Confocal microscopic co-localization studies
Subcellular localization of the mutant NPC1 was difficult to assess in cells with extremely low expression of the protein (e.g. fibroblasts carrying R1186H or frameshift mutations). In these cells the NPC1 fluorescent signal was indistinguishable from the background (Table 1 and Figure 1d). For this reason we did not evaluate possible co-localization of NPC1 with the ER-marker protein disulfide isomerase (PDI) that was tested by others. Localization of NPC1 was evaluated only in cell lines expressing higher amounts of the mutant protein. We presume that in cell lines carrying heterozygous frameshift NPC1 mutations the detected protein is expressed from the other allele (e.g. S954L and P1007A). The signal from A927V, S954L and P1007A NPC1 mutant proteins colocalized with the late endosomal / lysosomal (LE / LY) marker LAMP2 (Table 1, Figure 1d and Figure S1).
Concentrations of UC and CE, direct quantitative filipin staining, diagnostic filipin test and LDL-induced rates of cholesteryl ester formation in native cultured skin fibroblast lines
We evaluated UC/CE ratio instead of their separate values (Table S1) as we expected increase of UC and decrease of CE due to the impaired metabolic turnover of cholesterol by the NPC protein mutation. UC/CE ratios were elevated (Table 1, Figure 2d) in 8 patients with the most severe phenotypes (early infantile, late infantile), while in patients with milder phenotypes the values overlapped with controls. However, in patient #9 with late infantile NP-C (P1007A/R1186H) UC/CE ratios were comparable to controls.

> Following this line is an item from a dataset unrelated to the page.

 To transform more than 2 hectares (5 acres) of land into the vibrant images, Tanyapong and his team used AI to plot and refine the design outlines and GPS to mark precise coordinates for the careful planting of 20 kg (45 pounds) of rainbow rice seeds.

The strongest filipin signal under steady-state conditions was detected in cells homozygous or compound heterozygous for null and severe NPC1 mutations, such as R1186H or T1205K (Table 1 and Figure 1d). Conversely, a low direct filipin staining signal was observed in cells compound heterozygous for a null allele and S954L, also showing a good level of NPC1 protein (patients #19–23). Of note, in cells from compound heterozygotes for P1007A, signs of perinuclear cholesterol accumulation by filipin staining were only revealed after preincubation of the cell cultures with lipoprotein-deficient serum followed by LDL loading (diagnostic filipin test).

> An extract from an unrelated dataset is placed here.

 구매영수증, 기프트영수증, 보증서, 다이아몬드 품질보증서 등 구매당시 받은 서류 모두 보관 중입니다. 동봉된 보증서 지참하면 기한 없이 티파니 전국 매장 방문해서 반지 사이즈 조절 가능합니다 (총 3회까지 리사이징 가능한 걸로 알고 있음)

LDL-induced early rates of cholesteryl ester formation were often close to nil and <150 pmol/4.5h/mg protein (classical profile) in all cell lines with very low NPC1 protein levels, and showed higher values with a wide variation in the other cell lines, falling into two previously described categories, intermediate (values 10–15% of normal) and variant (>15% of normal, i.e.>500 pmol/4.6h/mg protein) (Table 1).